At the 1990 Goodwill Games, the athletics events were held in Seattle, Washington, United States between July 22 and 26, 1990. A total of 43 events were contested, of which 23 by male and 20 by female athletes. Athletes from the United States and the Soviet Union dominated the competition as they had done in the inaugural edition, with United States coming out on top this time with 54 medal won, 20 of them gold. The Soviet Union was a clear second place with 14 golds and 43 medals in total. The Greater Antillean island nations of Cuba and Jamaica had the third- and fourth-greatest medal hauls, respectively.

The number of competitors in each event was smaller than that of the 1986 Goodwill Games and the invited athletes only had to compete in a single final, rather than the qualification-round model typically found at multi-sport events.
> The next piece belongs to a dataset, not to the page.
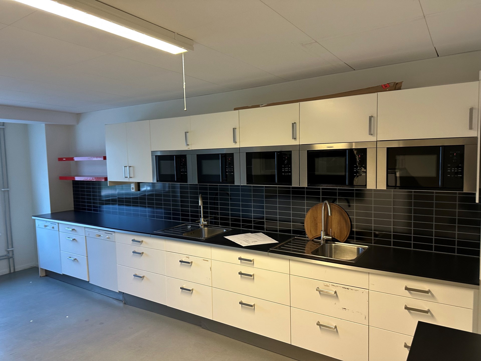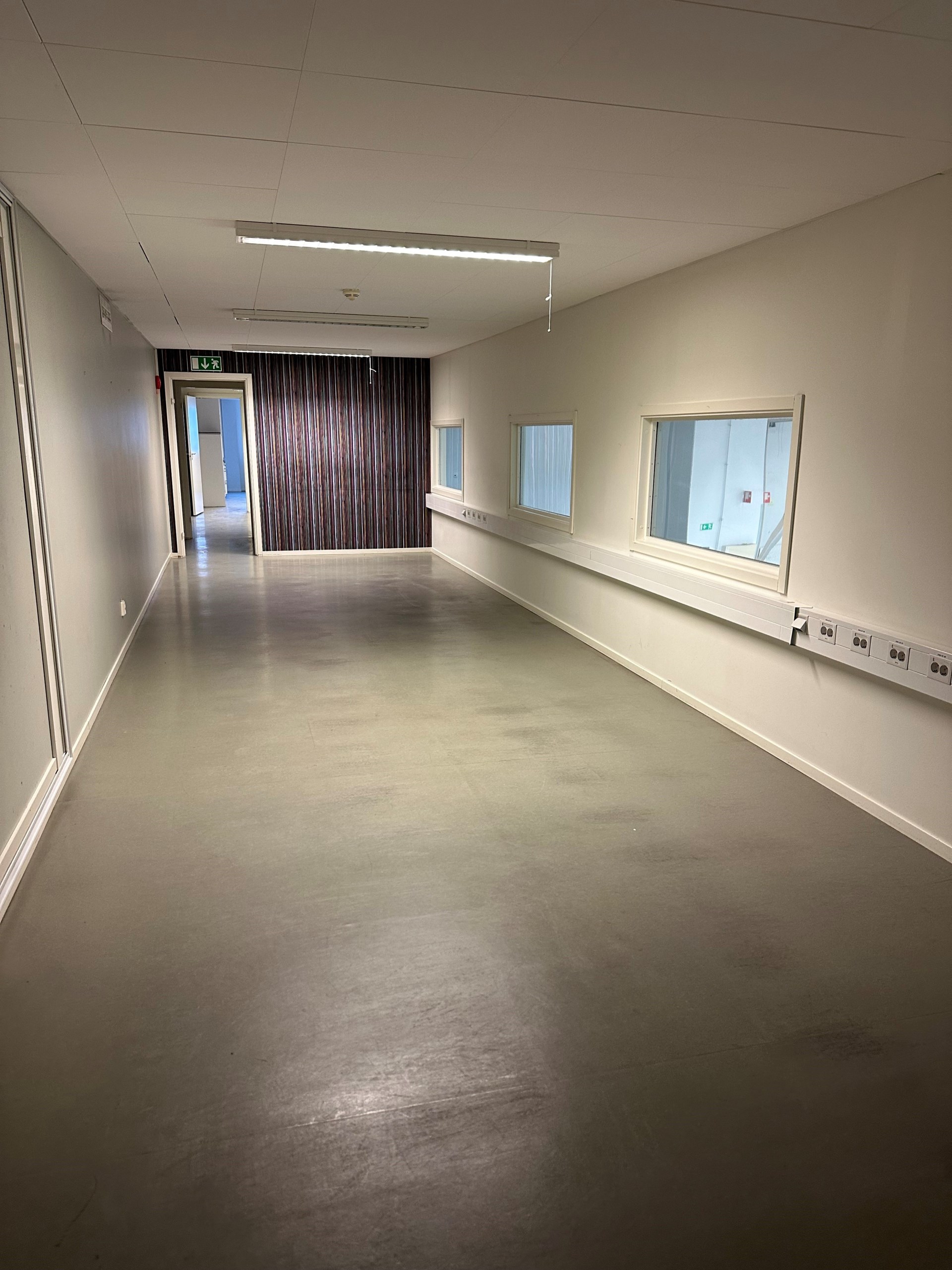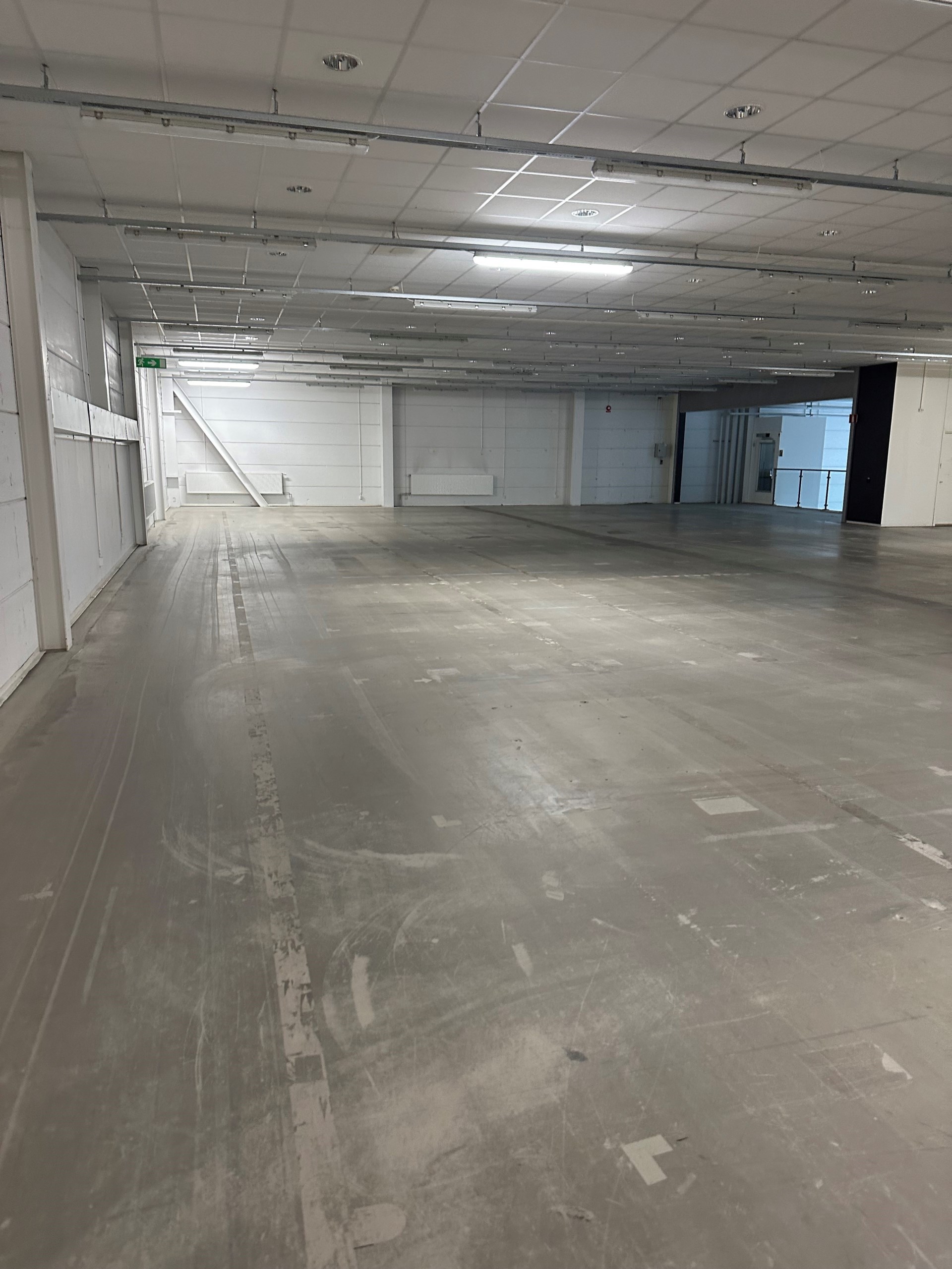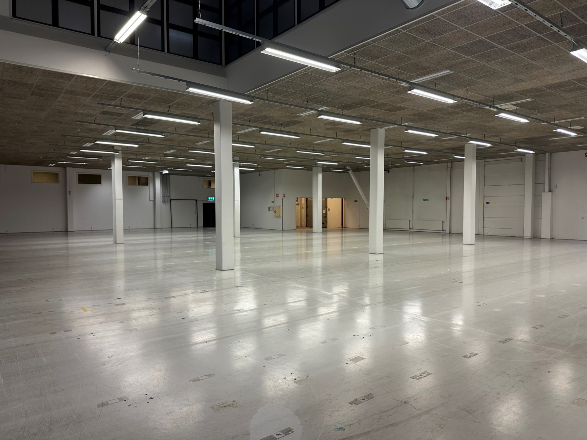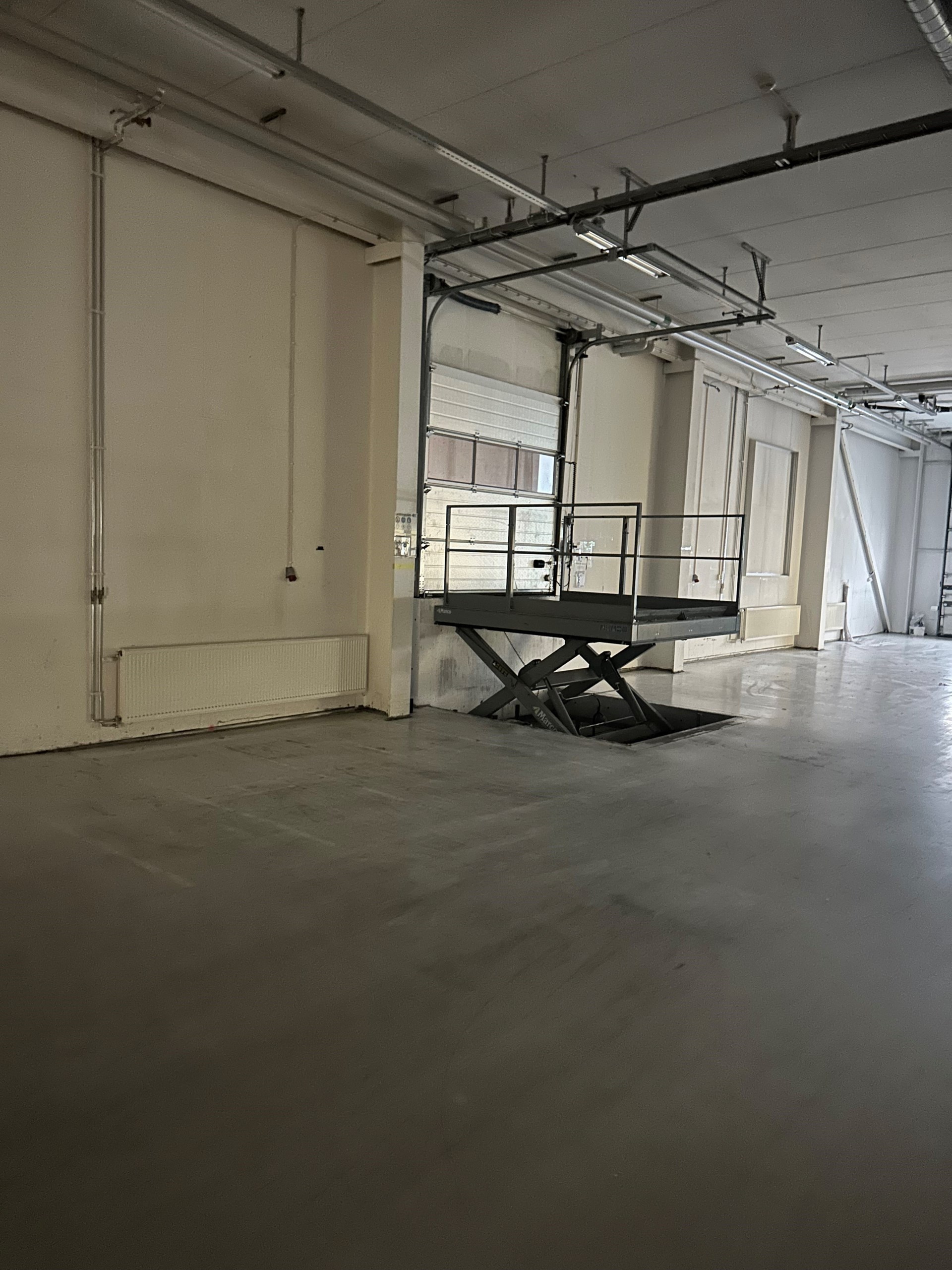 Lokalerna har en högtakhöjd om ca 10 meter. På baksidan finns lasthus för inlastning.

Fourteen Games records were beaten in the second edition and one world record was also set at the competition – Nadezhda Ryashkina of the Soviet Union beat the previous best mark in the 10,000 metres track walk with her time of 41:56.23. The 1990 Games saw the athletics competition's first doping infractions, as Tamara Bykova and Larisa Nikitina (both from the Soviet Union) lost their silver medals after testing positive for performance-enhancing drugs.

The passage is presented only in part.